The invention provides a credit investigation report identification method for solving the technical problem, which comprises the following steps:

s1 acquires image data of the credit report waiting for recognition: the credit investigation report image data comprises jpg, bmp, png, pdf and tiff file formats, single page splitting is firstly carried out on multi-page files in the pdf format, and then the split single page is converted into image data;

s2, preprocessing the image data to obtain preprocessed image data;

s3, carrying out full-text recognition on the preprocessed image data to acquire text content and frame line information;

s4, analyzing the layout structure in the image data, and judging single and double pages in the image data;

s5, performing information type matching on the text line content and the template information: segmenting, clustering and classifying the content of the text lines according to the single-page or double-page judgment result of the image data and the identified frame line information in the S4, and performing information type matching according to the content of the text lines obtained by sorting and template information, wherein the template information comprises the text information of keywords, the position information of the keywords, whether the keywords have multi-line attributes, whether the result values have the multi-line attributes, the type values of the keywords, whether the keywords are main columns or not and the type values of the lines where the keywords are located;

s6, extracting the matched text line content according to the information type, wherein the information type comprises group name extraction, general line extraction, general table extraction, repayment record extraction, subgroup name extraction and single line extraction;

s7 checks and summarizes the extracted results: performing data verification on the extraction result according to the data type obtained by matching, wherein the data type comprises money amount, date, proportion and repayment record, and filtering the extraction result in a regular expression mode according to the different matched data types; integrating the checked extraction results according to the group structure, and keeping the information which does not form the group structure in the current image data;

s8, outputting the extracted result after the test is summarized to an xml file according to a specific format.

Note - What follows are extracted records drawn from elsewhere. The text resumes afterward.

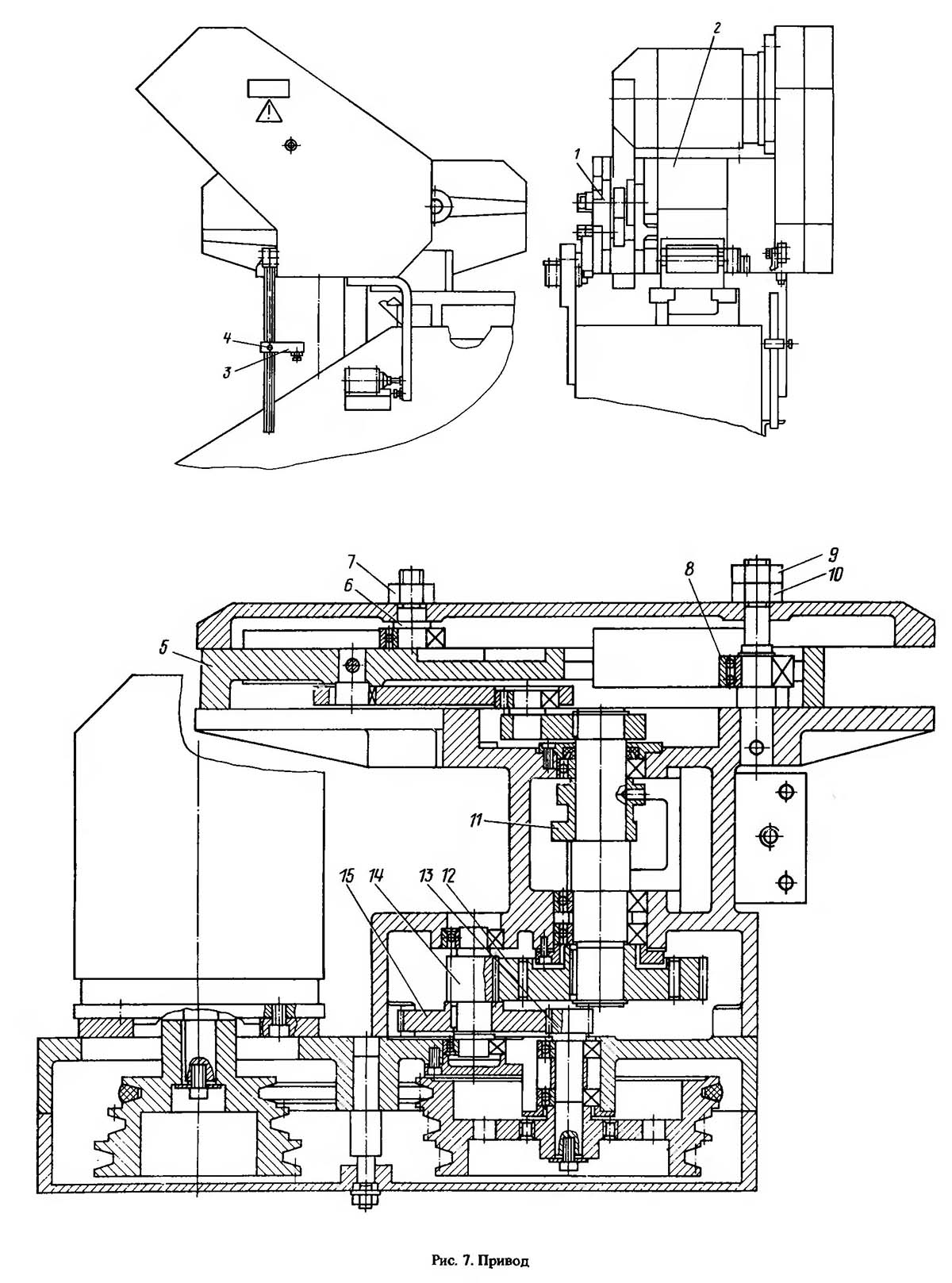 На выходном валу установлен кулачок 11, приводящий в рух плунжер насоса гідропривода.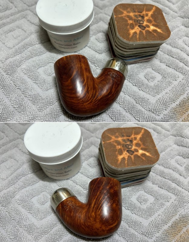 I rubbed some LBE Before & After Restoration Balm into the briar and let it sit for 30 minutes or so. The balm moisturizes the wood and gives a beautiful depth to the briar. I then buffed the stummel with a microfibre cloth.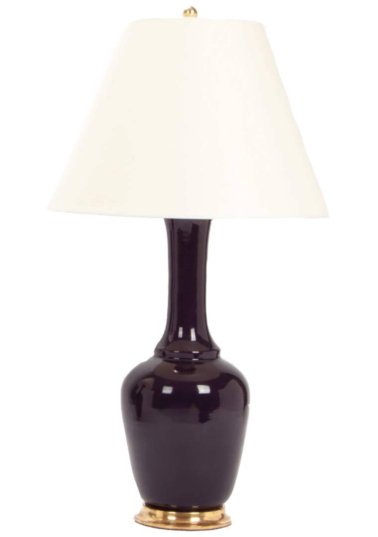 Retro and refined, the Alex lamp, a collaborative design with Alex Papachristidis for Christopher Spitzmiller, is dramatic as a stand-alone, or makes a perfect pair. The ceramic silhouette, in a rich gem-like purple glaze, is set on a 23k gold water gilt base. $3,995.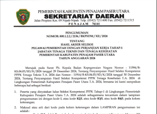 PENGUMUMAN TENTANG HASIL AKHIR SELEKSI PEGAWAI PEMERINTAH DENGAN PERJANJIAN KERJA TAHAP-1 JABATAN TENAGA TEKNIS DAN TENAGA KESEHATAN PEMERINTAH KABUPATEN PENAJAM PASER UTARA TAHUN ANGGARAN 2024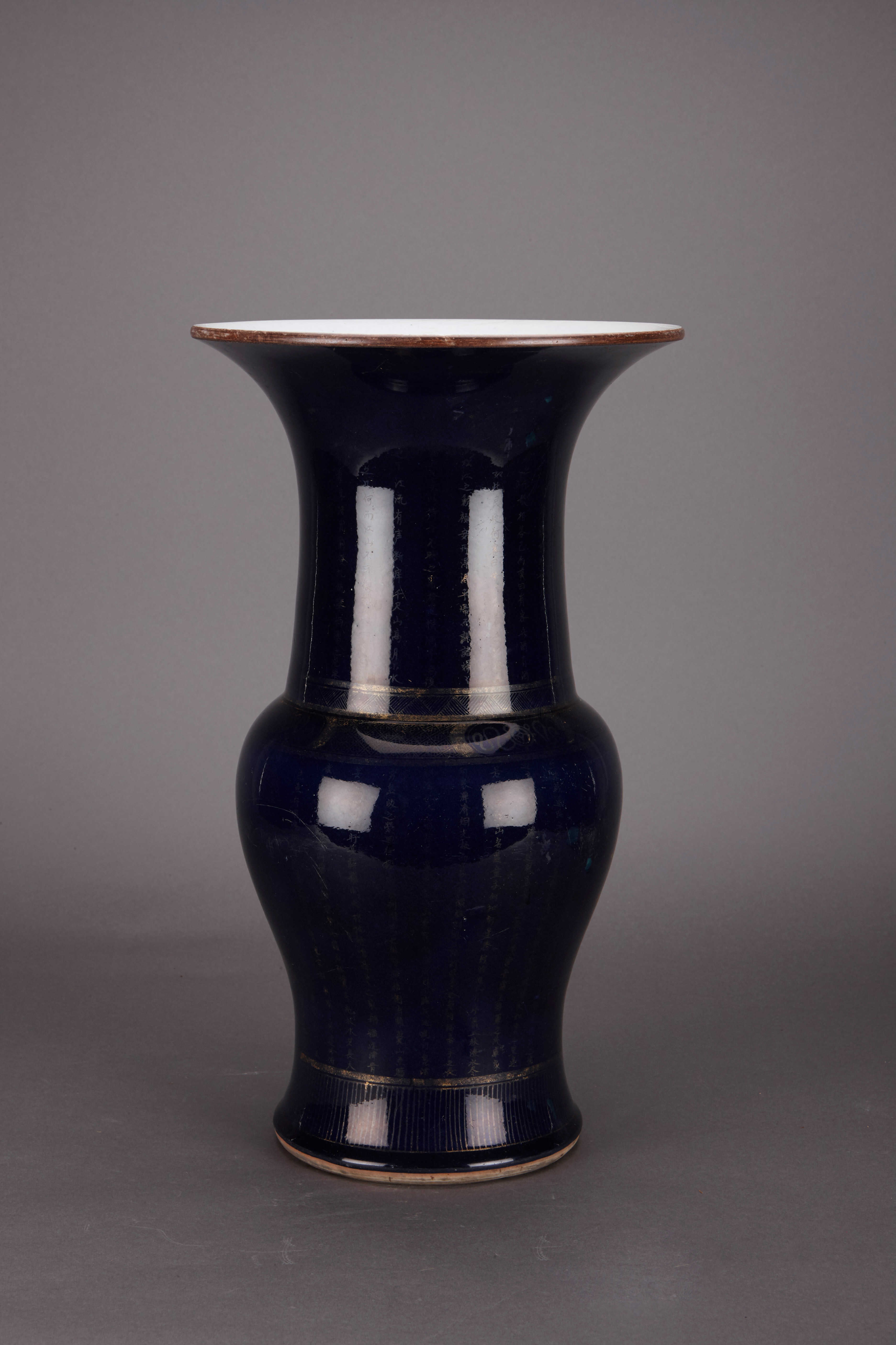 清蓝釉描金诗文觚

Further, the preprocessing process in S2 includes:

s21, image direction judgment: detecting text lines of text contents on the image by using a deep learning model, and judging the current image direction by using an OCR (optical character recognition) technology;

s22, image inclination correction: text line detection is carried out on text content on the image through a deep learning model, the inclination angle of the current image is calculated by utilizing an OCR recognition technology, and the image is rotated by a corresponding angle for correction;

s23, image watermark detection and filtering: watermark position detection and watermark removal are carried out on the image through a deep learning model,

s231, image preprocessing, namely performing normalization processing on the image under the condition of ensuring that the aspect ratio of the image is unchanged;

s232, performing down-sampling on the preprocessed image by using a biomedical image segmentation technology and combining a convolution network model, namely obtaining feature maps and feature values of different scales through convolution and pooling, and then performing up-sampling and deconvolution, wherein the up-sampling part comprises the step of up-sampling the feature values back to be matched with a ground channel to finish pixel-level classification, finally obtaining an image with the same size as the preprocessed image, and finishing image segmentation containing watermark information by using a classification result;

s233, the whole watermark in the image is completely presented by adjusting the size of the receptive field, and the watermark is obtained according to the mean square error of the regression loss function: minimum loss from inputting the watermarked image to outputting the watermarked image;

and S234, generating a training sample through the direction, the size and the angle of the watermark for training, and then removing the watermark of the image by using the trained deep learning model.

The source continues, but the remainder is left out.